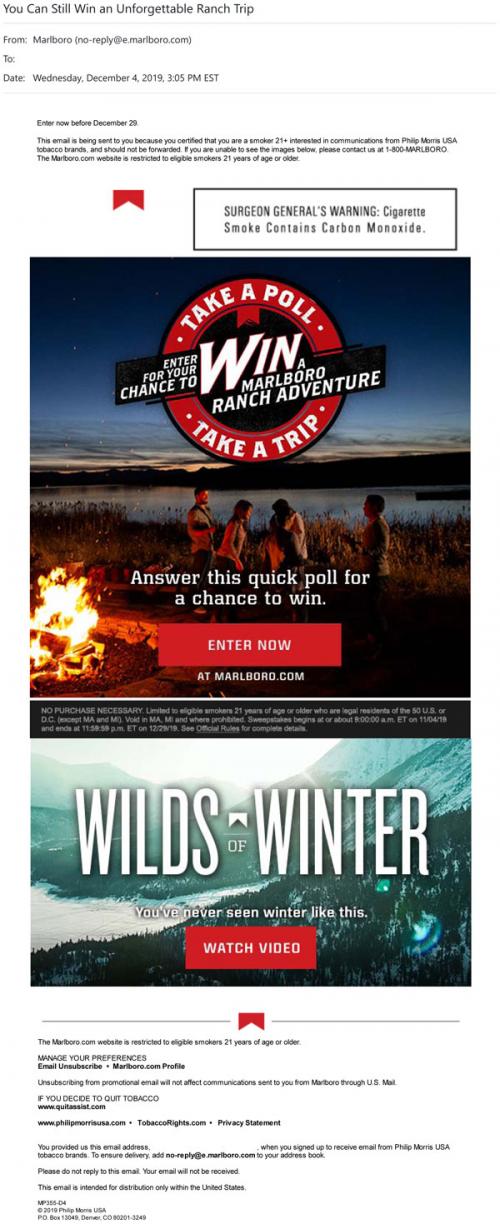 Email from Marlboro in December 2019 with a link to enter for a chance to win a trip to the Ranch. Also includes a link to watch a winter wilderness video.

...

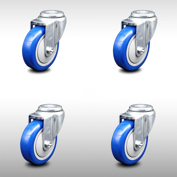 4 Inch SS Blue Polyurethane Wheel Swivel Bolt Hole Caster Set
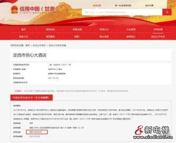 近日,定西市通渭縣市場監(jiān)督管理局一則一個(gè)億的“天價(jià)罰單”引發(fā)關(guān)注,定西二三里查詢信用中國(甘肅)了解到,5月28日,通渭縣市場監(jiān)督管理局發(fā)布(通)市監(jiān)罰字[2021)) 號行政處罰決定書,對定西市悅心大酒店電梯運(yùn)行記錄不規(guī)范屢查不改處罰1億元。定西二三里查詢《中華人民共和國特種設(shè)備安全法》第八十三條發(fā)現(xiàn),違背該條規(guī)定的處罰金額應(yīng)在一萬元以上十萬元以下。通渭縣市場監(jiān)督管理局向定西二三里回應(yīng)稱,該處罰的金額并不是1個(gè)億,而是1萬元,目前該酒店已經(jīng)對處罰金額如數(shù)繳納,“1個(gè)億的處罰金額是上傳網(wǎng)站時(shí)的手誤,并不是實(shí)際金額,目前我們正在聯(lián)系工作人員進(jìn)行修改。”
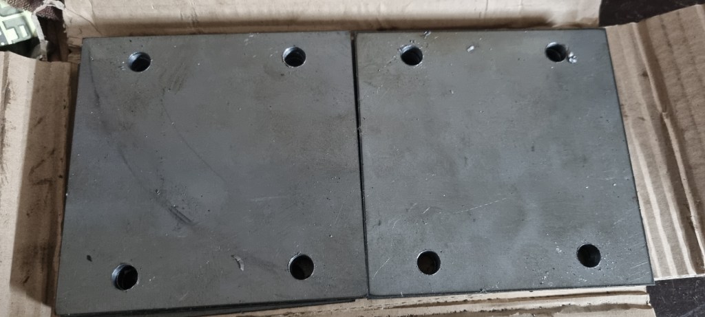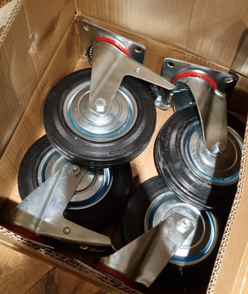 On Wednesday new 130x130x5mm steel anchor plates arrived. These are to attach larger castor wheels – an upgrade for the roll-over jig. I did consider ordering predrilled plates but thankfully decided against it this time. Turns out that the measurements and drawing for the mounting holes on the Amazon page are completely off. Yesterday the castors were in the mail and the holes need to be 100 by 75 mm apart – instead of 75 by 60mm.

EXERCISE: Quote the lines above exactly, starting with the one that has "近日,定西市通渭縣市場監(j" and ending with the one that has "On Wednesday new"; drop the pictures and include nothing else.

REPLY TO THE TASK:
 近日,定西市通渭縣市場監(jiān)督管理局一則一個(gè)億的“天價(jià)罰單”引發(fā)關(guān)注,定西二三里查詢信用中國(甘肅)了解到,5月28日,通渭縣市場監(jiān)督管理局發(fā)布(通)市監(jiān)罰字[2021)) 號行政處罰決定書,對定西市悅心大酒店電梯運(yùn)行記錄不規(guī)范屢查不改處罰1億元。定西二三里查詢《中華人民共和國特種設(shè)備安全法》第八十三條發(fā)現(xiàn),違背該條規(guī)定的處罰金額應(yīng)在一萬元以上十萬元以下。通渭縣市場監(jiān)督管理局向定西二三里回應(yīng)稱,該處罰的金額并不是1個(gè)億,而是1萬元,目前該酒店已經(jīng)對處罰金額如數(shù)繳納,“1個(gè)億的處罰金額是上傳網(wǎng)站時(shí)的手誤,并不是實(shí)際金額,目前我們正在聯(lián)系工作人員進(jìn)行修改。”
 On Wednesday new 130x130x5mm steel anchor plates arrived. These are to attach larger castor wheels – an upgrade for the roll-over jig. I did consider ordering predrilled plates but thankfully decided against it this time. Turns out that the measurements and drawing for the mounting holes on the Amazon page are completely off. Yesterday the castors were in the mail and the holes need to be 100 by 75 mm apart – instead of 75 by 60mm.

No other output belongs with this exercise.